Die Adventszeit lebt von Traditionen und so gibt es auch viele klassische Weihnachtsgeschichten. "13 wilde Weihnachtskerle" hingegen ist modern, witzig und frech, so dass die Kinder ganz bestimmt begeistert sein werden. 

Auf den Vorsatzpapieren findet sich zu jedem Weihnachtskerl ein kurzer Steckbrief. Jeder hat nämlich seine Eigenart. Pottpitt hat immer Hunger, Blanco liebt alles, was weiss ist, Langfinger lässt gerne mal etwas mitgehen, Lametta liebt alles, was glitzert und funkelt .... Die Charaktere sind sehr süss gezeichnet, so dass man sie ganz schnell ins Herz schliess. Doch man kann sich gut vorstellen, dass die Weihnachtskerle jede Menge Unfug anstellen.

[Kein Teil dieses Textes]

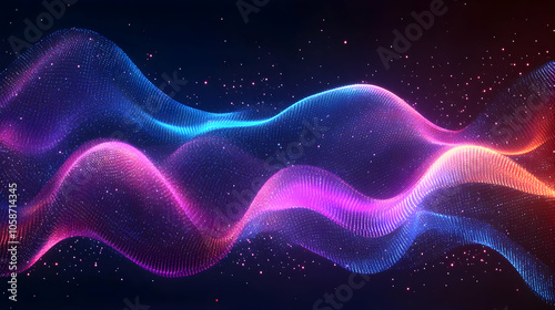 Abstract Background - Wavy Blue and Pink Light Trails with Particles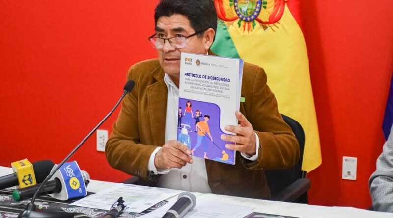 “La combinación de los factores climatológicos está afectando con infecciones respiratorias a nuestras niñas y niños, por esta razón, el Ministerio de Educación ha emitido un instructivo a los directores departamentales, directores distritales y directores de unidades educativas para aplicar los protocolos de bioseguridad y prevenir Infecciones Respiratorias Agudas”, explicó el ministro de Educación, Omar Veliz, en conferencia de prensa.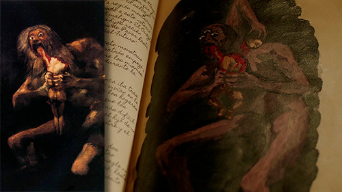Интересно, что рисунок Куэгле в книге - это переделанный "Сатурн, пожирающий своего сына" Гойи, вроде, не замечала такого в сериале раньше, а это прикольно :) Можно на минутку представить себе, что Гойя тоже был Гриммом, это объяснило бы его "мрачные картины" :)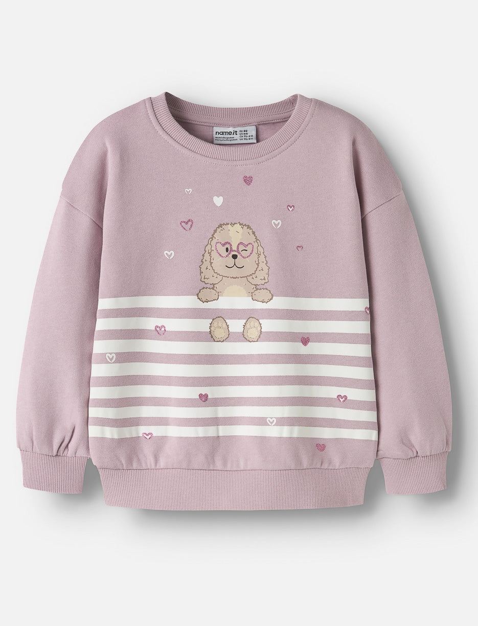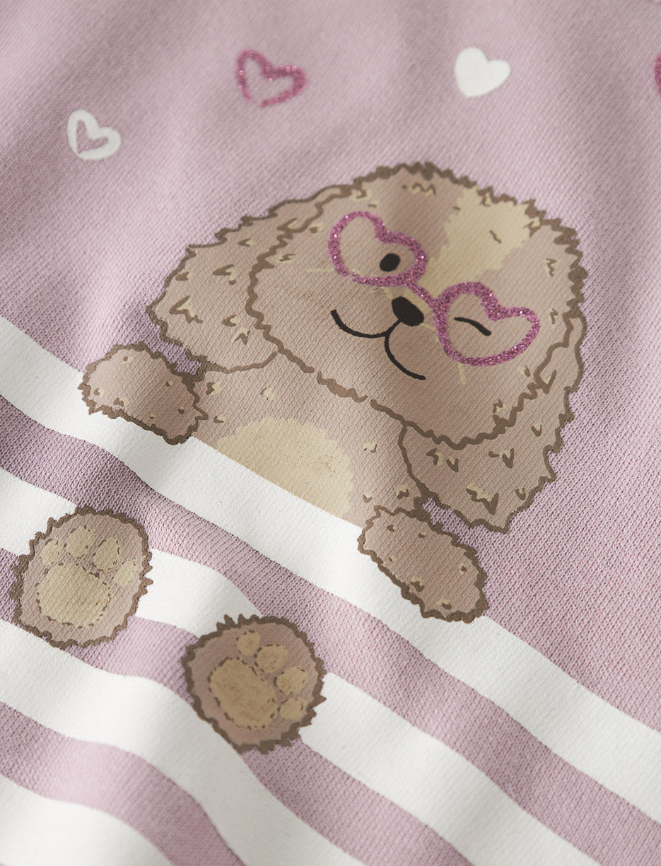 This crewneck sweatshirt keeps your little one cozy with its soft cotton fabric. The small dog print adds a sweet, playful touch, while the relaxed fit allows easy movement throughout the day.
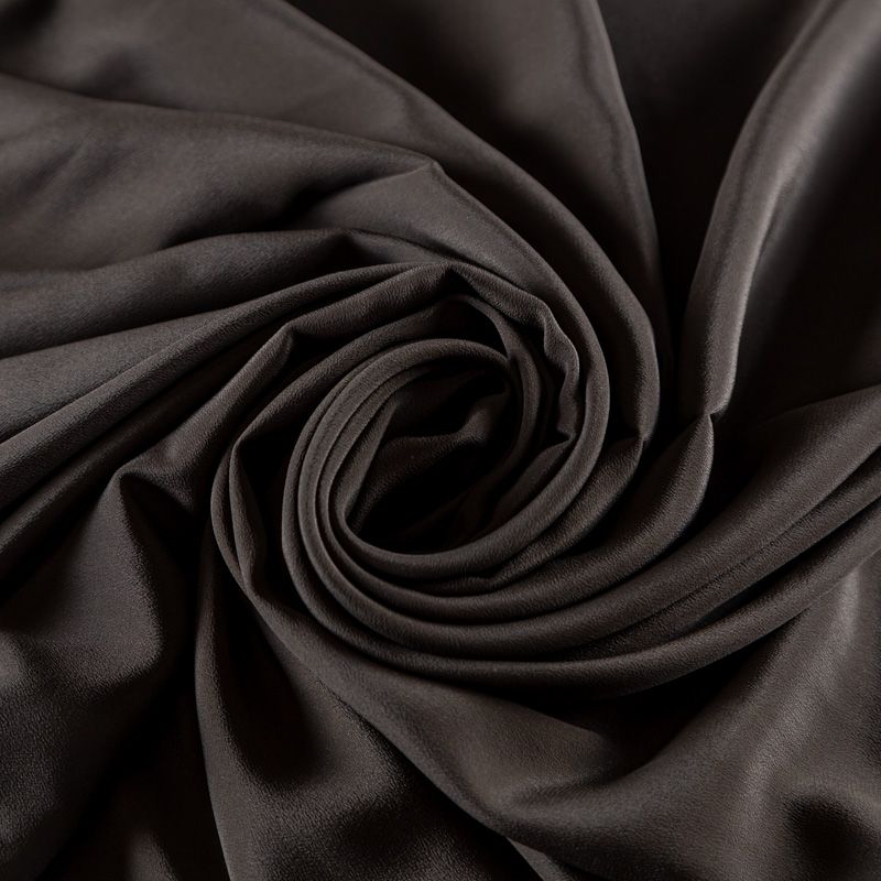 Итальянский натуральный шелковый крепдешин в темном оттенке, фактурный, легкий и струящийся, слегка просвечивает, отлично драпируется. Идеально подойдет для пошива платьев и сарафанов расклешенных моделей, с воланами, летящих юбок, топов, блузки, юбки, широких брюк, костюма в пижамном стиле.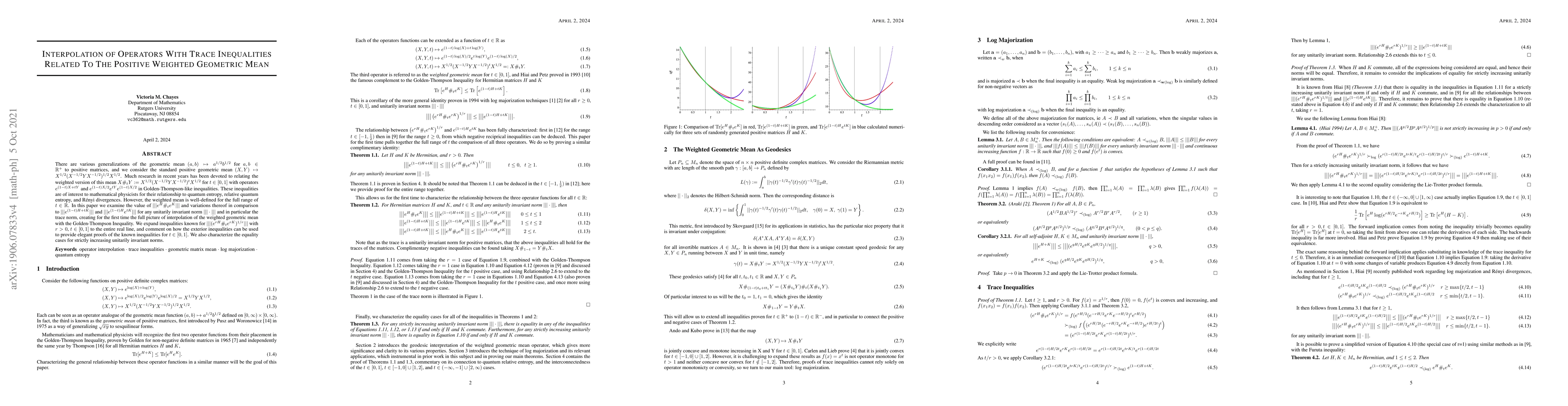 This paper studies interpolation of the weighted geometric mean with Golden-Thompson inequalities, exploring relationships to quantum entropy and norm equivalences for various unitarily invariant norms.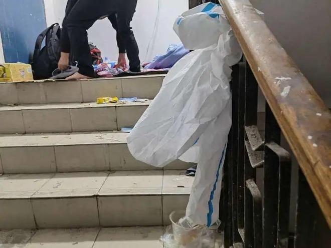 当晚,他们找到一处商场的地下车库,计划在那里过夜,走到里面发现有人占了。安全通道的二楼、三楼还没人,他们在那里打地铺,临时安了家。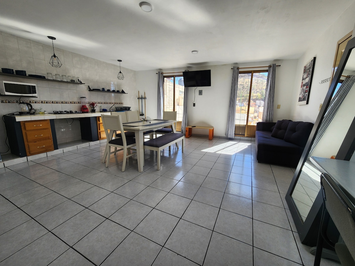 Beautiful apartment a few steps from the heart of Zacatecas. Enjoy an unforgettable stay in this cozy house ideal for families. TERRACE: It is for the exclusive use of guests and the entry of more people or the holding of events is not permitted. PARKING: We do not have a garage, but there is space available on the public road right in front of the house. It is a safe area and is monitored with video surveillance cameras. It is worth mentioning that we have never had incidents.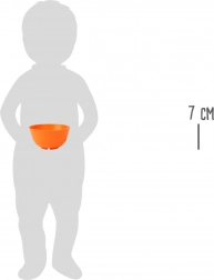 Lite drewno przyjemnie leży w dłoni, a plastikowa miska jest lekka i wytrzymała – idealna dla dzieci od 2 lat.
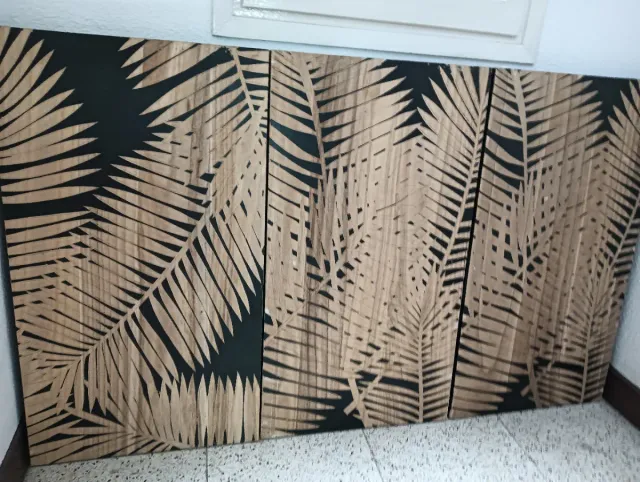 Decoración Pared 3 Marcos Madera Hoja Palmera Nuev
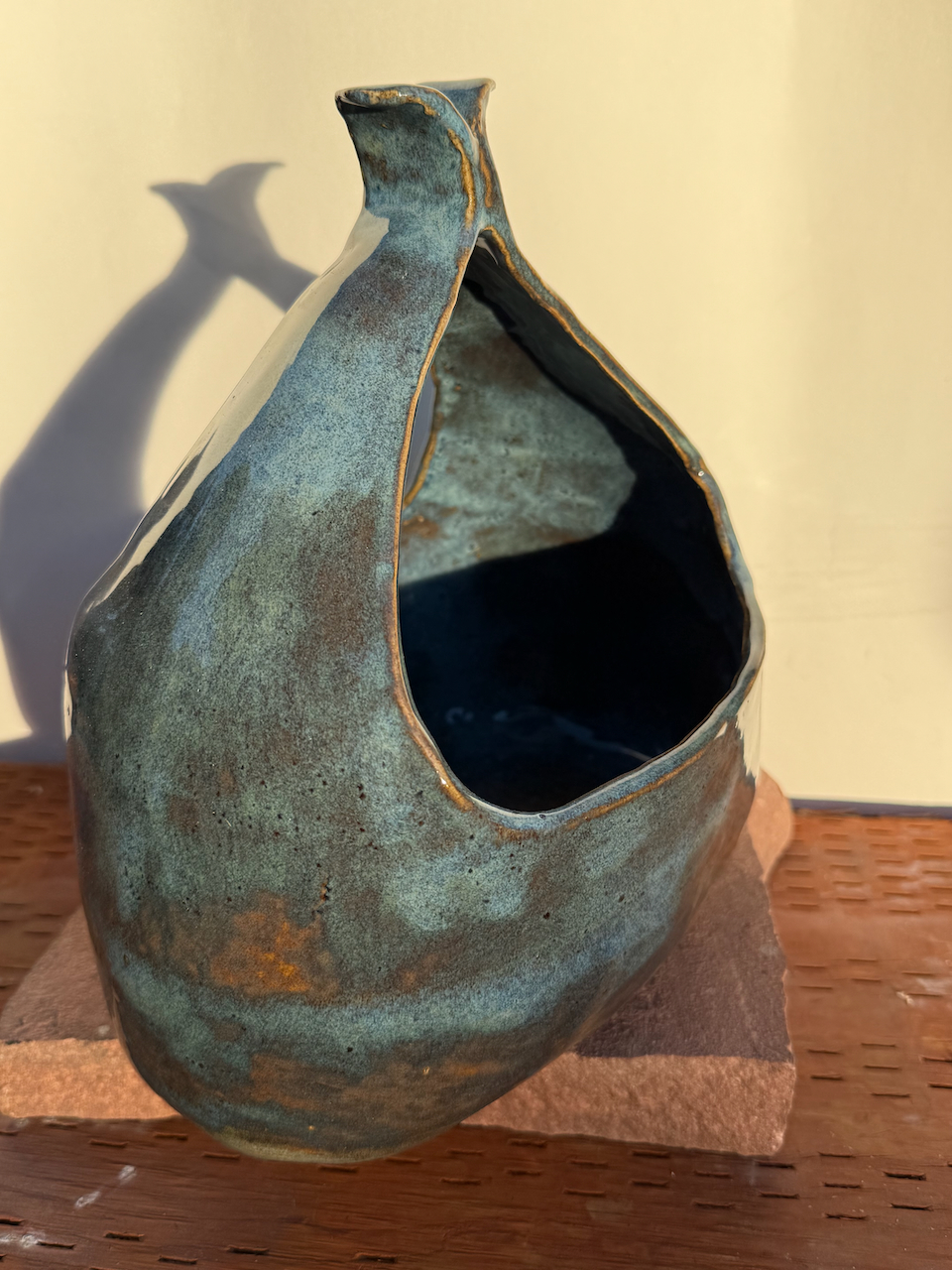 Looking for a perfect gift for family or friends? Or looking for a beautiful ceramic piece to not only admire but to use? This is a hand-built ceramic pitcher from WorldTraveler Creative Designs, by Aaron Loukonen. This decorative vessel can be used to store any sort of items inside it, be it food, arts and crafts, or any other small items. Fully food safe, it can be used for your salads or deserts for your get-togethers. Or it can just be a beautiful piece of handbuilt pottery for display. The exterior glaze is a mix of hazy blue and deep brown. Fully vitrified and cold/moisture hardy. Each piece is unique and one-of-a-kind.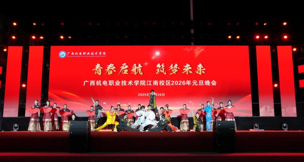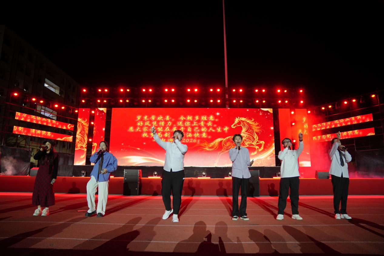 2025年12月26日19时,江南校区田径运动场上灯火璀璨、欢声如潮,由江南校区三个学院联合主办的2026年元旦晚会在此隆重举行。我院积极参与晚会筹备与演出,献上多个精心编排的节目,与全体师生共赴一场辞旧迎新的视听盛宴,喜迎新年到来。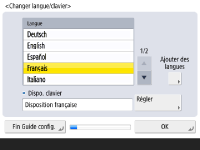 Sélectionnez la langue à afficher sur les écrans. Selon la langue choisie, il est possible de changer l'organisation du clavier affiché pour saisir les caractères. ![]() ![]() Sélectionnez la langue et appuyez sur <OK>. Pour changer l'organisation du clavier, appuyez sur <Régler>, sélectionnez l'organisation du clavier et appuyez sur <OK>. Si vous devez fréquemment la langue d'affichage, il est plus pratique d'afficher le bouton pour changer la langue. Changement de la langue d'affichage | |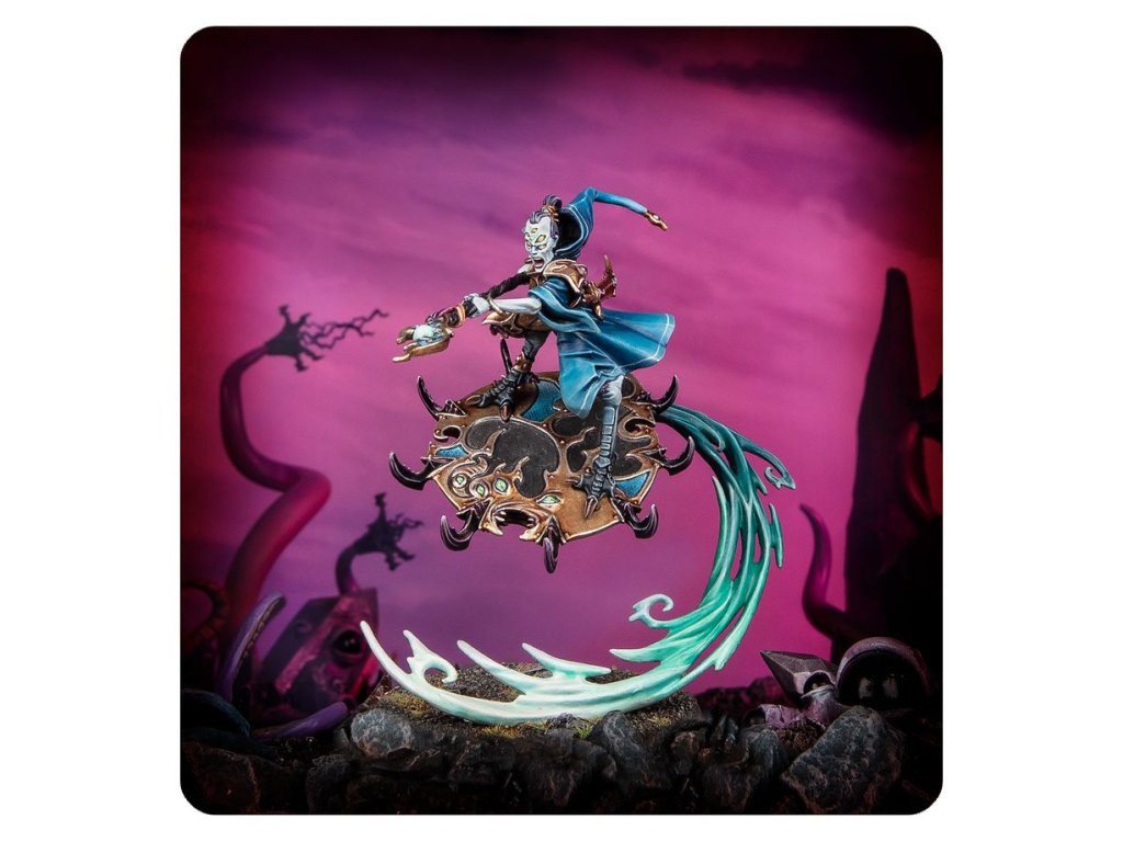 Magisters are powerful sorcerers in service to the Change God. Filled with eldritch energies as they ride their Disc of Tzeentch, they unleash a magical onslaught to annihilate the foe, channelling the surging energies of change to redouble the attacks of their warriors.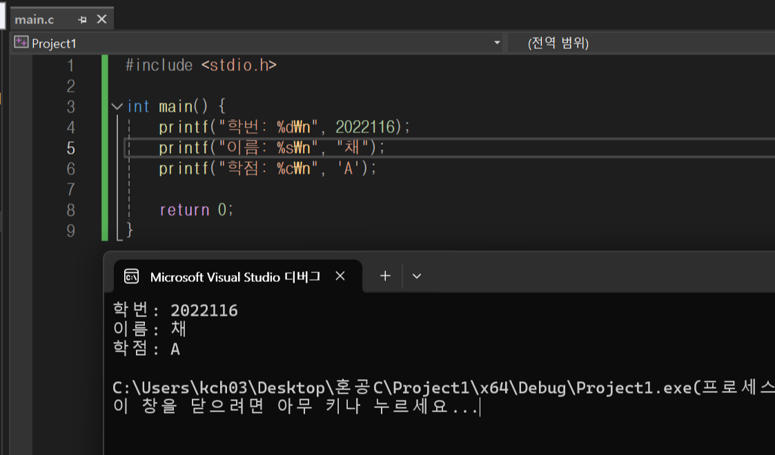 자신의 학번, 이름, 학점을 출력하는 프로그램 완성하기.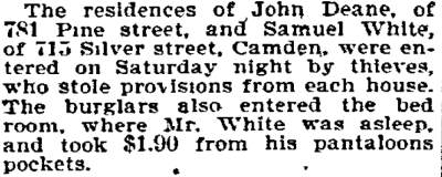SILVER STREET is a two block street that runs north to south from Line Street to Division Street, west of South 8th Street. In the rear of the homes in the 700 block, that is from Line to Pine Street, is a short street with six homes named Gold Street, that is only accessible through an unnamed alley north of 708 Silver Street. By 2009 all of the homes on both Silver Street and Gold Street had been razed. Silver Street still exists in the sense that on can drive through it. Outside of the curb cutouts, all traces of Gold Street are now gone. Silver Street does not appear in the 1885 Sanborn Maps of Camden. Houses in both the 700 and 800 blocks appear in the 1888-1889 Camden City Directory. There were still homes on both blocks as late as 1980. There are no homes listed on gold street in the 1930 Census, however. |

So entsteht eine turbulente und äusserst unterhaltsame Suche nach dem Weihnachtsbaum

Das Vorlesen und Zuhören hat uns grossen Spass gemacht. Es passiert so viel, dass wir am liebsten immer weiter gelesen hätten. 
Zudem wird die Geschichte von tollen und sehr passenden Bildern von Susanne Göhlich untermalt. Meine Kinder mussten diese immer sofort sehen.

Fazit:


"13 wilde Weihnachtskerle" ist eine moderne, freche und turbulente Weihnachtsgeschichte, die uns alle köstlich amüsiert hat. Entweder kann man jeden Tag im Advent ein Kapitel lesen oder aber die ganze Geschichte auf einmal verschlingen.
Meiner Meinung nach eignet sich das Buch von Barbara van den Speulhof perfekt zum Vorlesen im Advent.






Favolina (7) fand "13 Wilde Weihnachtskerle" einfach nur super. Sie liebt die Illustrationen und kannte schnell die einzelnen Weihnachtskerle. 






Junior (4) ist vom Alter her an der unteren Grenze für dieses Weihnachtsbuch. Doch auch er hat immer gespannt zugehört. Er fand es sehr lustig, wenn die Weihnachtskerle Unfug trieben, zum Beispiel wie mit den Würsten auf dem Weihnachtsmarkt.